Monday, March 9, 2009

Being Adults

When people talk about having children and how wonderful they can be for one's life, they always mentioned how fullfilling the children can be, bring laughter and creating memories each other new day that you'll not exchange for anything else in the world. One good benefit that I would like to add to the list, if it has not already been mentioned (or at least I know, not very often), is that children really teaches us lessons that we, being adults, don't normally (re)learn at our age.

I was once very upset with Ryan. Being an autistic child, he would sometimes (well actually, most of time) whines and scream on little things that upsets him. I was in the middle of finishing my report due for the next day and had tons of other urgent but unimportant stuffs on my mind. Tried very hard to clam him down, making him happy but nothing seems to work. He kept wanting to use the computer I was working on. In a fit of anger, I shouted at home to stay out of the study, and he cried even louder.

Heidi was beside all along playing her toys. She simply made a remark that goes something like "Why do you have to make him cry? See. He wants to play, let him play. Why did you shout at him? Ryan cry, you shout, then he cry louder and louder..."

It woke me up a little. The report wasn't so urgent that I couldn't just save my work and let Ryan use the computer for 15 minutes. It's my mindset that I shouldn't be disturbed at that instance.

I stopped working for an hour after hearing Heidi. She had opened my mind and taught me to relax a little. And of course to treat Ryan better. Played 15 minutes of computer (Youtube) with him and moved on to the other urgent but unimportant stuffs before heading back to my report. Everything else went smooth thereafter.

There. One old lesson that I'd relearn through my daughter. And maybe more from Ryan.

Thursday, March 5, 2009

Scarry Week

It's the worst week ever since we moved into Polhems. Never did we find ourselves in such situations when all of us, all five members in the family, fell sick. Really really sick. On the funny side, it's also the first time when I realised that the children could be so quiet in the middle of the day.

Ryan was the first to contract the virus. He started coughing and vomitting, lying in bed not wanting to do anything all. Ross was happy then to see Ryan laying down not retaliating his attacks. At least not the virual form. He was the next to fall. It was very sudden. One moment Ross was jumping up and down, the next moment he starting throwing up. By the forth day, all in the family were contracted.

I could still remember it was 12 noon, when all of us laid on the mattresses in the bedroom. Time passed slowly the sleep was not very peaceful for me. Had to keep a watch on the children's fever and time for medication. Anyways, the important was that I somehow enjoyed the quietness in the cool winter afternoon which I couldn't remember when the last was.

It's been a week now, and I'm back to work. The children are not fully recovered yet, but they are now more active than when it just started. It's really been a painful week, when both Christine and myself were ill at the same time. Wasn't easy at all without any assistance, and I'd really appreciate the presence of my parents when they were with me here in Sweden. Dad and Mum worried alot when I called to update, especially of the children.

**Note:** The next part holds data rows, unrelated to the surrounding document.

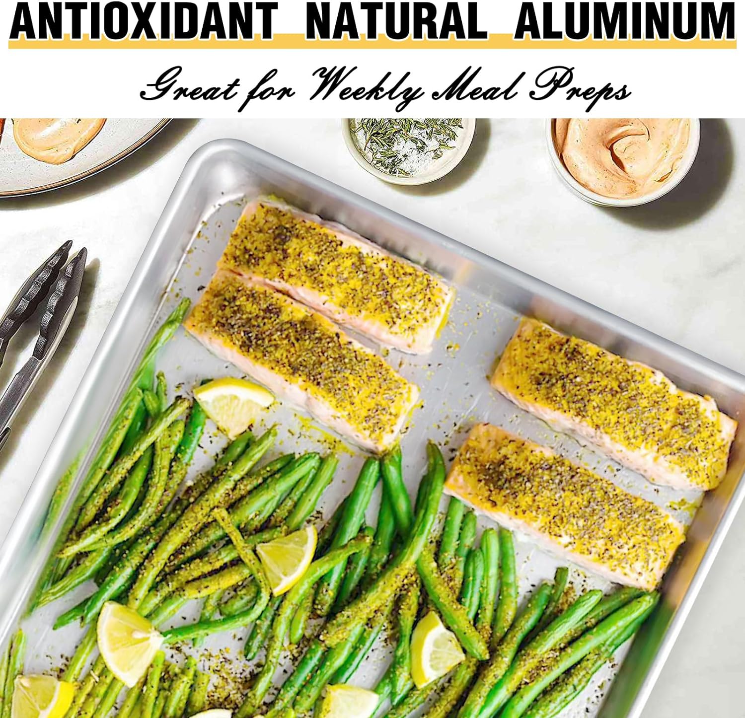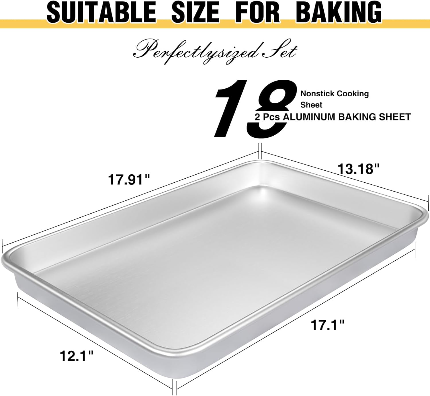 Introducing the Commercial Quality Baking Sheet Pan Set by Umite Chef. Made from natural aluminum, these cookie sheet pans are designed to deliver exceptional baking results every time. The warp-resistant construction ensures even heat distribution, allowing for consistent and perfectly baked cookies, pastries, and more.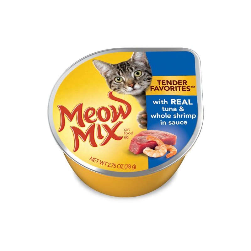 Meow Mix Tender Favorites Real Tuna & Whole Shrimp In Sauce Wet Cat Food, 2.75 Oz. Cups (Pack Of 24)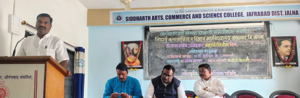 जालना: भारतीय संविधानाचे शिल्पकार, महामानव डॉ. बाबासाहेब आंबेडकर यांच्या ६९ व्या महापरिनिर्वाण दिनानिमित्त जाफराबाद येथील सिद्धार्थ महाविद्यालयात एका विशेष कार्यक्रमाचे आयोजन करण्यात आले होते. या कार्यक्रमातून महाविद्यालयातील प्राध्यापक, कर्मचारी आणि विद्यार्थ्यांनी बाबासाहेबांच्या महान कार्याला वंदन केले.

Well children, see how mum and dad suffered when you'd fallen ill? Just wanted you to know that we really put in our hearts while you grow, so learn to appreciate us...

Sunday, March 1, 2009

Politics....Office

It can be annoying, but it seems to be staying if you're working in a humanised environment. It wouldn't be worse but definitely not getting better over time. Friends can be enemies and enemies can be friends, just when or where you'll need them.

Hate these. Never thought that it can bother me at all, but they just creeped up from being over the years and before you know it, you're well in the middle of it,laying the games as it should be, so as not to be hurt. Come to think of it, the pleasure of winning in such games can be so fulfilling, but when the guilt sinks in, you start thinking whether if all's worth that much.

There's always a difference in everyone's capabilities. Some are better, some just want to skim his way through, while others are trying to struggle away in a day's job hoping he'll still be around the next day. The fact is, we're living in a world which we can escape from this. It's human nature, it's suvivial instinct, it's the way should be.

But then again, it really depends on what you want in life. I've chosen. Although at times, I do still want opportunities to strive towards higher grounds, I've chosen. My family's more important how. So long as one does his fair share of work, and be naive in what others think of oneself, it's really not as bad to ignore the politics. It doesn't matter if one really excel in the office, or climbed the highest ladder to the everyone's-dream-position. So long as I return home to a happy family, spending time on television with Christine, working with the kids' sums and listening to what they have learn over the day, that's more than what it should be in my life.

So, remember children, don't dispair in life if you find youself surviving hard in the office arena. There's always something more of a higher priority in life so loosen up a little. Stay high and away for a while to recollect your thoughts. Once you've done that, things will definitely be well better than you previously thought.